Records from a dataset
★ ★ ★ ★

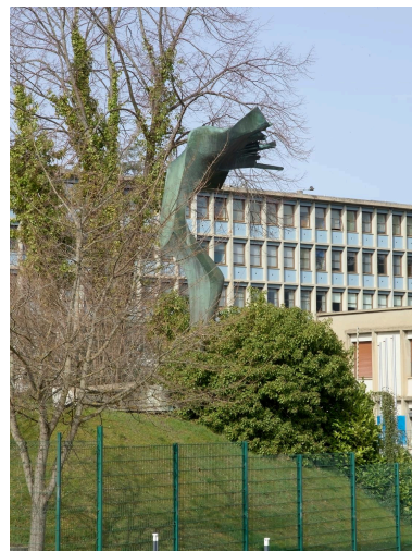
Vue générale. IVR84_20214200039NUCA
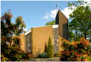
Christuskirche Sandbrinkerheidestraße 32 Brögbern

Sonntag, 13. Februar, 11.15 Uhr Gottesdienst zur Taferinnerung für Konfi3 in Brögbern – Pastor Mühlbacher
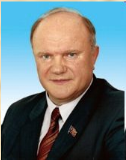
Председатель – ЗЮГАНОВ Геннадий Андреевич.
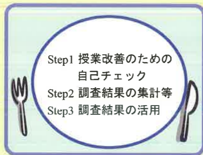
(Package 2) 授業改善の視点
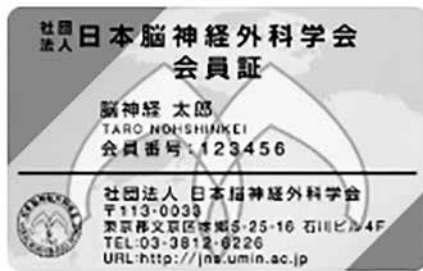
(A) 一般社団法人日本脳神経外科学会会員証

「一般社団法人日本脳神経外科学会会員証」を用いて、参加費のお支払い・専門医クレジットのご登録が出来ます(一般社団法人日本脳神経外科学会会員のみ)。
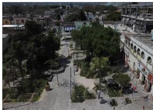
Ver Carpeta C. Zócalo y Jardín Municipal
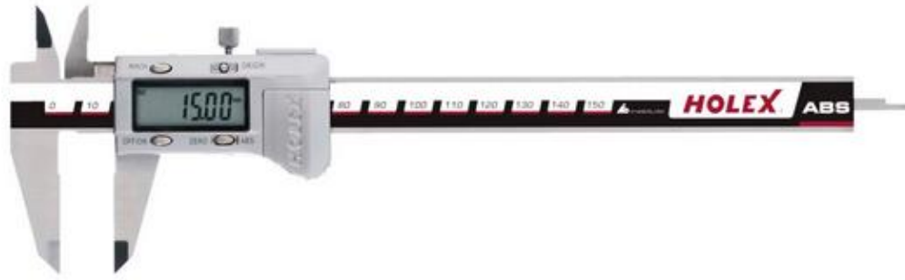
Рисунок 2– Общий вид штангенциркулей цифровых Horex модификации 412805
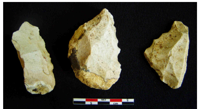
Outils des Noues Malatiers : racloir, pointes et outils denticulés.
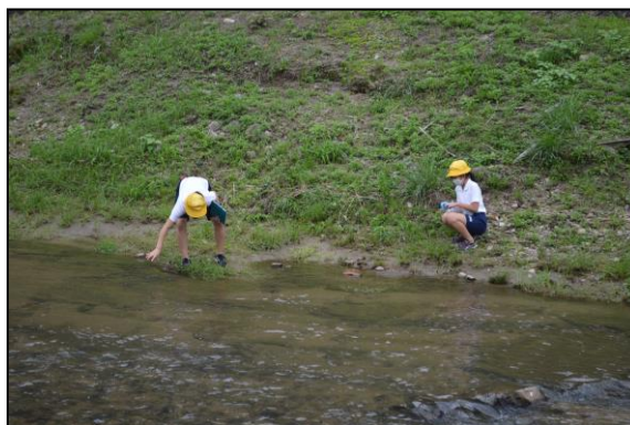
タブレットを片手に、まるで科学者ですね
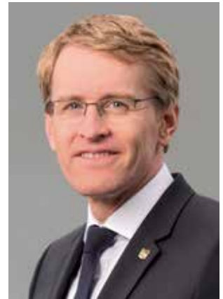
Ministerpräsident Daniel Günther

Entlang dieser Strategie werden wir als Landesregierung die Umsetzung der festgehaltenen Ziele und Maßnahmen in den kommenden Jahren forcieren. Mit dem übergreifenden Ansatz der Strategie wollen wir Schleswig-Holsteinerinnen und Schleswig-Holsteiner aller Altersgruppen gleichermaßen erreichen. Wir wollen die Menschen in ihrem kritischen Bewusstsein, ihrer Kreativität und ihrem Gestaltungswillen stärken und so darin unterstützen, Verantwortung für nachfolgende Generationen zu übernehmen. Mit der Umsetzung der Strategie tragen wir dazu bei, dass wir die Ziele der Agenda 2030 gemeinsam erreichen. Davon profitiert unsere Bildungslandschaft und wir fördern damit die nachhaltige Entwicklung Schleswig-Holsteins im Sinne der UN-Agenda 2030.
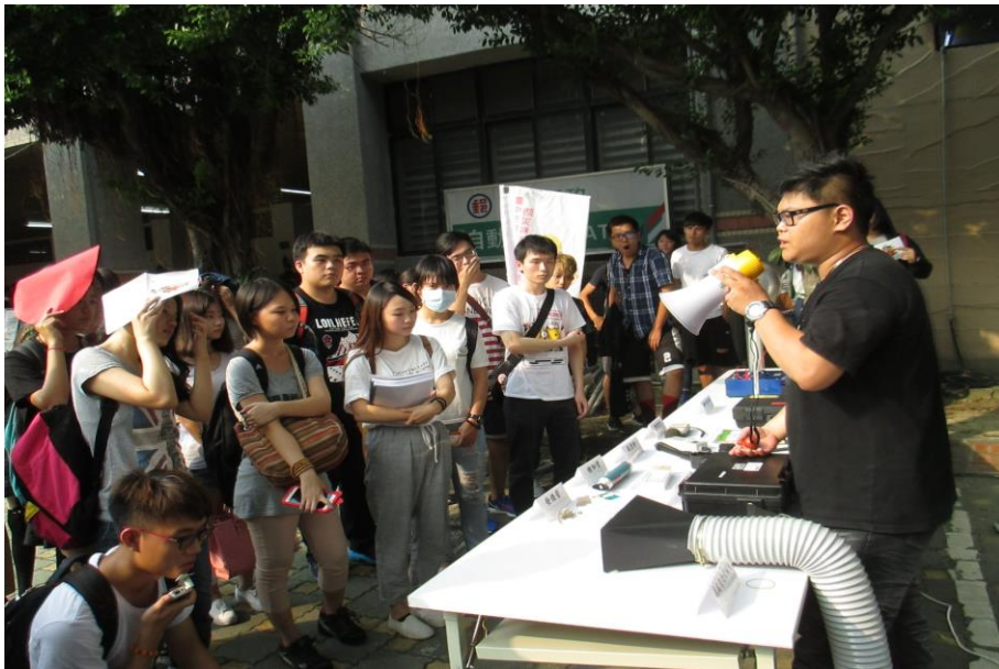
作業環境監測儀器使用說明
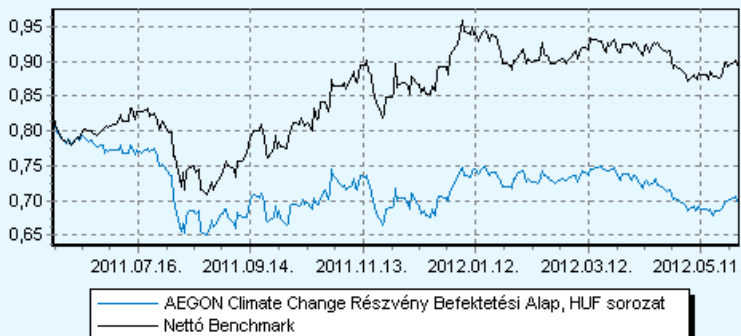
EGY JEGYRE JUTÓ NETTÓ ESZKÖZÉRTÉK, 2011.06.01 - 2012.05.31

Az alapok múltbeli teljesítménye nem nyújt garanciát a jövőbeli hozamok nagyságára. Jelen hirdetés nem minősül ajánlattételnek vagy befektetési tanácsadásnak. A befektetés részletes feltételeit az Alap Tájékoztatója tartalmazza, mely a mindenkor érvényes kondíciós listákkal együtt megtalálható a forgalmazási helyeken. A befektetési alap forgalmazásával (vétel, tartás, eladás) kapcsolatos költségek az alap kezelési szabályzatában és a forgalmazási helyeken megismerhetők.
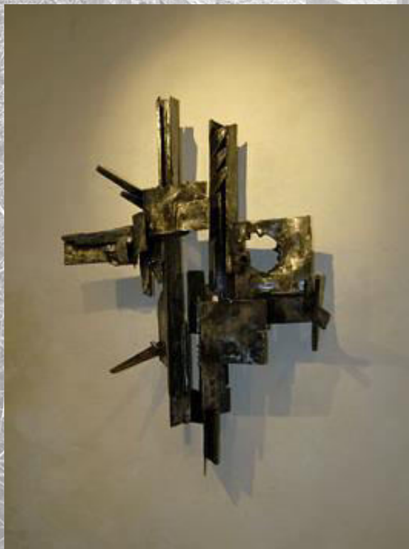
Das Kreuz, gestaltet vom Eisenplastiker Silvio Mattioli
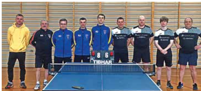
● Drużyna ULKS Viktoria Jedlińsk i Mateus I Żąbki po meczu zakończonym wygraną Viktorii.

Aż do 19-tej kolejki kibice GKS-u musieli czekać, by ich ulubieńcy zdobyli pierwszy punkt w rozgrywkach IV ligi mazowieckiej. Futboliści Jedlińska
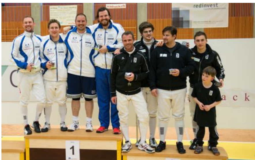
Das Herren-Team an der SM 2015 in Zug
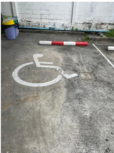
ภาพที่ 3 แสดงที่จอดรถสำหรับคนพิการ
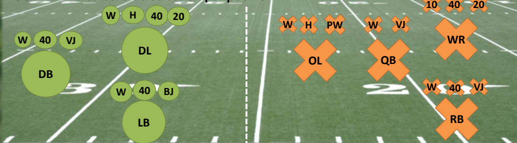
FIGURE 1. Indicateurs de sélection par position

DB = Demi défensif, DL = Ligne défensive, LB = Secondaire, OL = Ligne offensive, QB = Quart-arrière, RB = Porteur de ballon, WR = Receveur de passes, WT = Poids (lb), HT = Grandeur (in), 10Y = 10-verges sprint, 40Y = 40-verges sprint, 20S = 20-verges shuttle run, VJ = Saut vertical, BJ = Saut en longueur, 3C = Course 3-cônes, SP = Temps de réaction, PW = Déploiement de puissance..
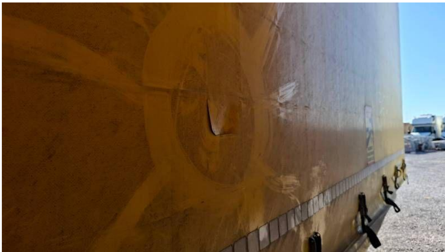
Fot. nr 26
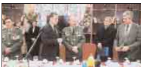
Τελετή παράδοσης-παραλαβής Δκσεως Α' ΣΣ την 17 Μαρτίου 2011.

Τέλος ο Πρόεδρος και μέλη του Παραρτήματος, μετείχαν στις εορταστικές εκδηλώσεις εορτασμού της εθνικής επετείου.
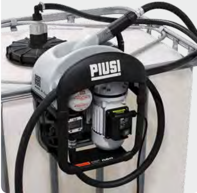
PIUSI THREE25 with SEC, K24 and SB325
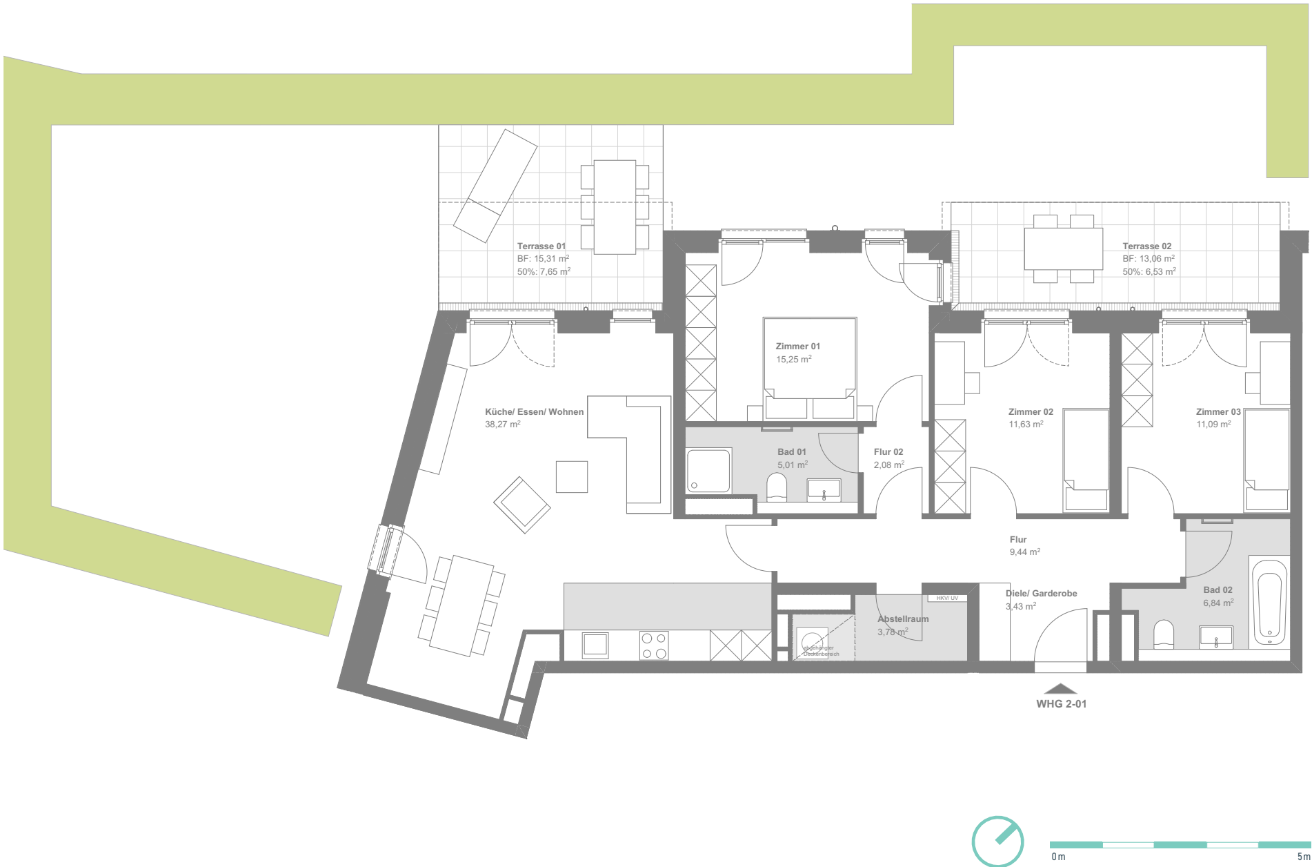
Lage im Quartier
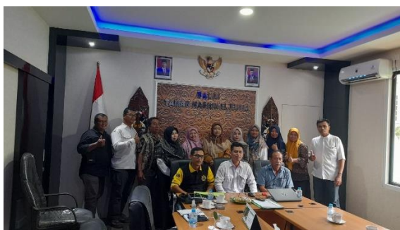
Gambar 6. Rapat bersama TNK

“Pertama, lewat pertemuan ke seluruh RT, ada 28 RT. Terus lewat Whatsapp grup kelurahan kami gencarkan terus, habis itu tindakan. Pertemuannya dengan warga memang tidak menyeluruh, tapi terkhusus. Misal untuk kelompok nelayan, kami pinjam Gedung Perikanan, kerjasama untuk penyuluhan dampak wisata terhadap Tanjung Limau.” (Wawancara, 28 Februari 2023).
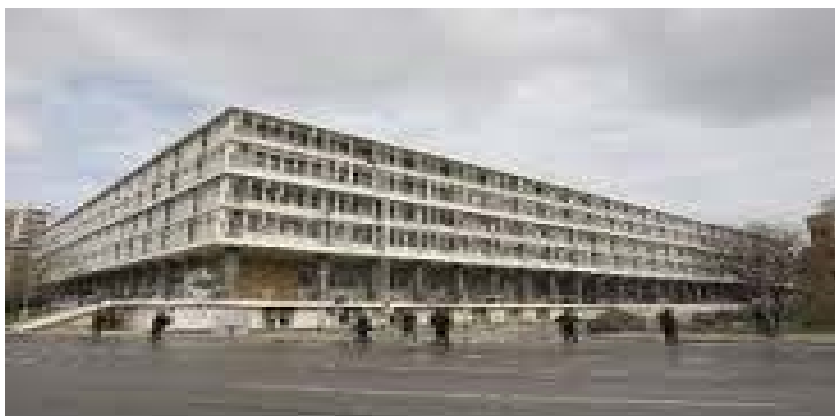
Εικ. 6 Δικαστικό Μέγαρο Θεσσαλονίκης

★ ★ ★ ★

Copy out all the data above exactly, minus the images.

_Exercise response:_
Vue générale. IVR84_20214200039NUCA
Christuskirche Sandbrinkerheidestraße 32 Brögbern

Sonntag, 13. Februar, 11.15 Uhr Gottesdienst zur Taferinnerung für Konfi3 in Brögbern – Pastor Mühlbacher
Председатель – ЗЮГАНОВ Геннадий Андреевич.
(Package 2) 授業改善の視点
(A) 一般社団法人日本脳神経外科学会会員証

「一般社団法人日本脳神経外科学会会員証」を用いて、参加費のお支払い・専門医クレジットのご登録が出来ます(一般社団法人日本脳神経外科学会会員のみ)。
Ver Carpeta C. Zócalo y Jardín Municipal
Рисунок 2– Общий вид штангенциркулей цифровых Horex модификации 412805
Outils des Noues Malatiers : racloir, pointes et outils denticulés.
タブレットを片手に、まるで科学者ですね
Ministerpräsident Daniel Günther

Entlang dieser Strategie werden wir als Landesregierung die Umsetzung der festgehaltenen Ziele und Maßnahmen in den kommenden Jahren forcieren. Mit dem übergreifenden Ansatz der Strategie wollen wir Schleswig-Holsteinerinnen und Schleswig-Holsteiner aller Altersgruppen gleichermaßen erreichen. Wir wollen die Menschen in ihrem kritischen Bewusstsein, ihrer Kreativität und ihrem Gestaltungswillen stärken und so darin unterstützen, Verantwortung für nachfolgende Generationen zu übernehmen. Mit der Umsetzung der Strategie tragen wir dazu bei, dass wir die Ziele der Agenda 2030 gemeinsam erreichen. Davon profitiert unsere Bildungslandschaft und wir fördern damit die nachhaltige Entwicklung Schleswig-Holsteins im Sinne der UN-Agenda 2030.
作業環境監測儀器使用說明
EGY JEGYRE JUTÓ NETTÓ ESZKÖZÉRTÉK, 2011.06.01 - 2012.05.31

Az alapok múltbeli teljesítménye nem nyújt garanciát a jövőbeli hozamok nagyságára. Jelen hirdetés nem minősül ajánlattételnek vagy befektetési tanácsadásnak. A befektetés részletes feltételeit az Alap Tájékoztatója tartalmazza, mely a mindenkor érvényes kondíciós listákkal együtt megtalálható a forgalmazási helyeken. A befektetési alap forgalmazásával (vétel, tartás, eladás) kapcsolatos költségek az alap kezelési szabályzatában és a forgalmazási helyeken megismerhetők.
Das Kreuz, gestaltet vom Eisenplastiker Silvio Mattioli
● Drużyna ULKS Viktoria Jedlińsk i Mateus I Żąbki po meczu zakończonym wygraną Viktorii.

Aż do 19-tej kolejki kibice GKS-u musieli czekać, by ich ulubieńcy zdobyli pierwszy punkt w rozgrywkach IV ligi mazowieckiej. Futboliści Jedlińska
Das Herren-Team an der SM 2015 in Zug
ภาพที่ 3 แสดงที่จอดรถสำหรับคนพิการ
FIGURE 1. Indicateurs de sélection par position

DB = Demi défensif, DL = Ligne défensive, LB = Secondaire, OL = Ligne offensive, QB = Quart-arrière, RB = Porteur de ballon, WR = Receveur de passes, WT = Poids (lb), HT = Grandeur (in), 10Y = 10-verges sprint, 40Y = 40-verges sprint, 20S = 20-verges shuttle run, VJ = Saut vertical, BJ = Saut en longueur, 3C = Course 3-cônes, SP = Temps de réaction, PW = Déploiement de puissance..
Fot. nr 26
Τελετή παράδοσης-παραλαβής Δκσεως Α' ΣΣ την 17 Μαρτίου 2011.

Τέλος ο Πρόεδρος και μέλη του Παραρτήματος, μετείχαν στις εορταστικές εκδηλώσεις εορτασμού της εθνικής επετείου.
PIUSI THREE25 with SEC, K24 and SB325
Lage im Quartier
Gambar 6. Rapat bersama TNK

“Pertama, lewat pertemuan ke seluruh RT, ada 28 RT. Terus lewat Whatsapp grup kelurahan kami gencarkan terus, habis itu tindakan. Pertemuannya dengan warga memang tidak menyeluruh, tapi terkhusus. Misal untuk kelompok nelayan, kami pinjam Gedung Perikanan, kerjasama untuk penyuluhan dampak wisata terhadap Tanjung Limau.” (Wawancara, 28 Februari 2023).
Εικ. 6 Δικαστικό Μέγαρο Θεσσαλονίκης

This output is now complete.